Saturday, October 29, 2016

Soto Gratis Setiap Jumat Di Bantul, Yogyakarta

Bagi sebagian besar orang, berdagang selalu memiliki niat utama untuk mengeruk laba sebanyak-banyaknya. Namun tidak bagi Elok Budi Lestari (37), baginya berdagang selain untuk memenuhi kebutuhan keluarga juga untuk bersedekah.

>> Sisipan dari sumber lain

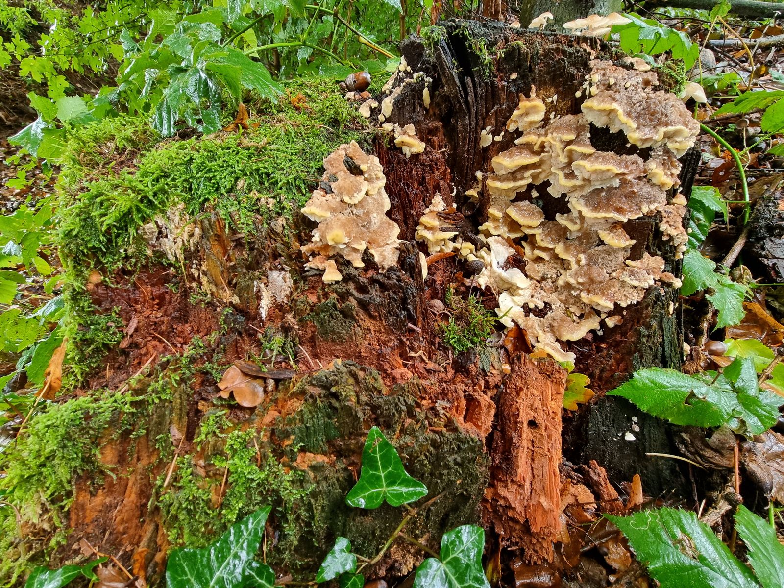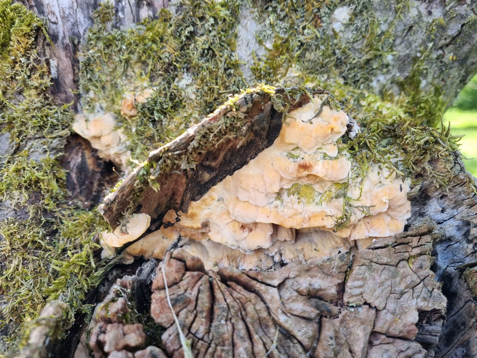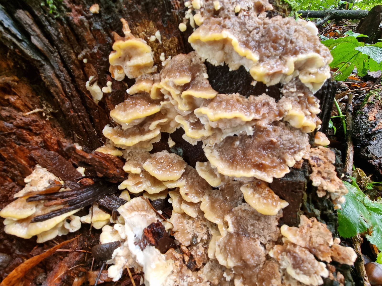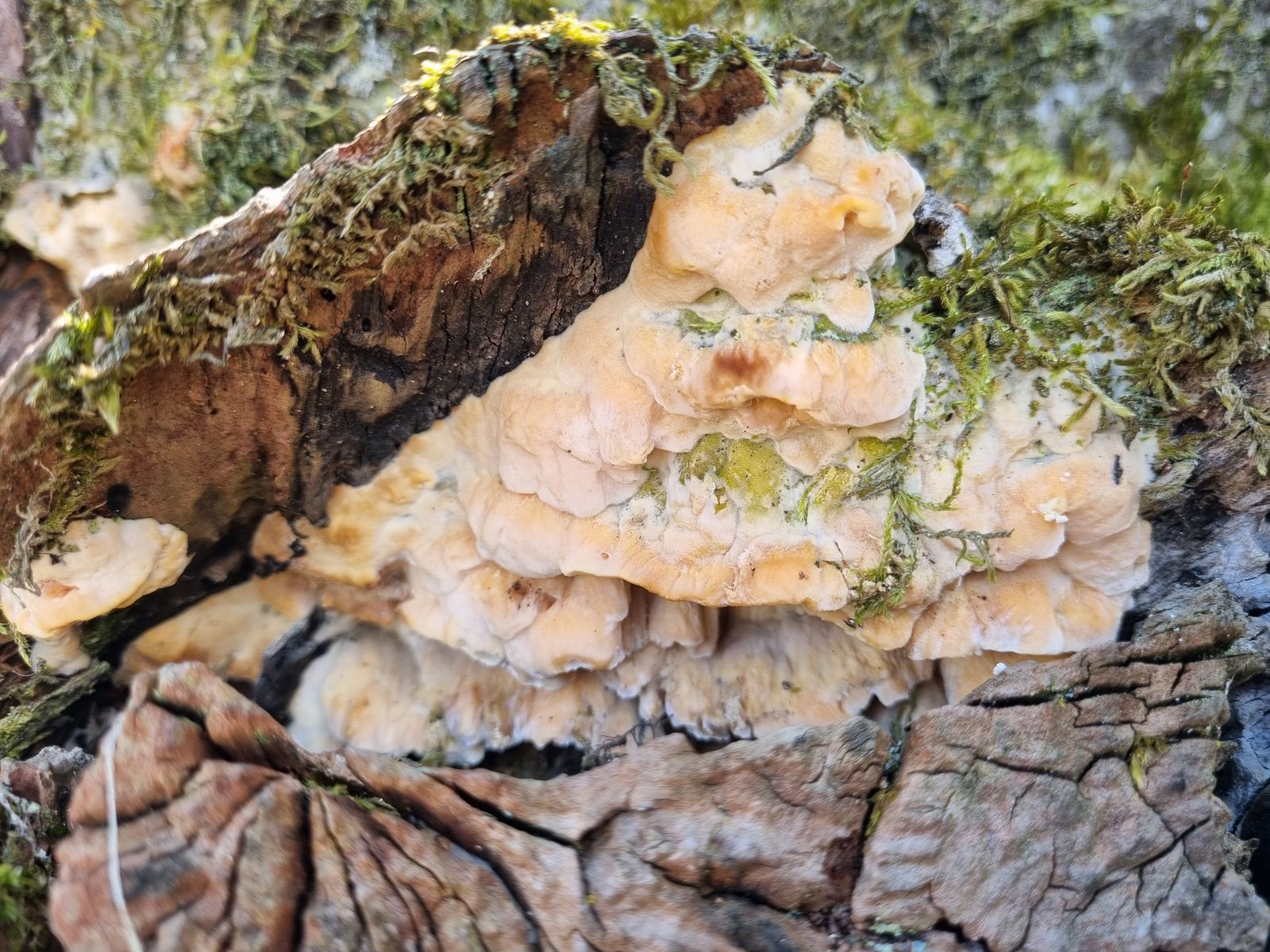 Der Pilz ist recht zäh, hat kleine Poren, geruchlich unbedeutend. Verfärbt nicht auf Druck/wird beim Abtrocknen dunkler, stufenartiges Wachstum. Ausdehnung gesamt ca 15cm, das letzte hütchen ist bei 2cm.

Niat untuk tidak hanya berdagang sebatas mencari nafkah, sudah Elok tanamkan sejak ia membuka pertama kali warung sotonya yang berlokasi di Jalan Wonosari KM 13, Piyungam, Bantul, Yogyakarta.

Bahkan selama satu minggu pertama sejak hari perta warungnya dibuka sudah menggratiskan para pembelinya.

“Sejak hari pertama buka sudah saya gratiskan selama satu Minggu penuh. Ya niatnya buat sekalian sedekah,” terang Elok.

Kini kebiasaan memberikan soto selama satu minggu penuh tersebut masih ia pertahankan. Setiap hari jum’at pukul 13.00-14.00, Elok menggratiskan pembelinya.

Para pengunjung pun merasa senang. Otomatis pembeli pun kaget begitu mau membayar karena tidak mengetahui adanya program soto gratis tersebut.

Mereka biasa berfoto ketika makan soto dan mengabarkan ke teman-teman lainnya.

Hal ini tentu menjadi media promosi tersendiri sehingga pengunjung warungnya pun semakin banyak.

Selain bersedekah, Elok mendapatkan keuntungan ganda yaitu meningkatnya omzet karena sotonya semakin banyak dikenal lewat publikasi yang dilakukan oleh pelanggannya sendiri.

Tri Budi Wicaksono, salah satu karyawan warung Soto Bu Elok, mengungkapkan bahwa setiap Jum’at minimal 50 mangkuk dibagikan gratis kepada para pengunjung.

“Kebanyakan pengunjung dari orang sekitar, terutama karyawan. Selebihnya ada beberapa dari luar daerah sini,” ungkap Tri Budi Wicaksono seperti dikutip jogja.tribunnews.com

Warung Soto Bu Elok yang biasa menyajikan menu soto kudus ini sudah mulai melayani pembeli sejak 19 November 2014.

Di saat himpitan ekonomi makin mencekam bangsa ini, Elok memberikan pelajaran akan pentingnya berbagi kepada sesama.

Bahwa berdagang tidak hanya sebatas mengumpulkan pundit-pundi rupiah, namun ada semangat bersedekah disana, berbagi bagi sesama.

Jika semangat kepedulian ini ditiru oleh banyak pengusaha lain dan masyarakat pada umumnya tentu tak kita temukan lagi warga miskin dengan perut lapar karena tak ada uang untuk makan.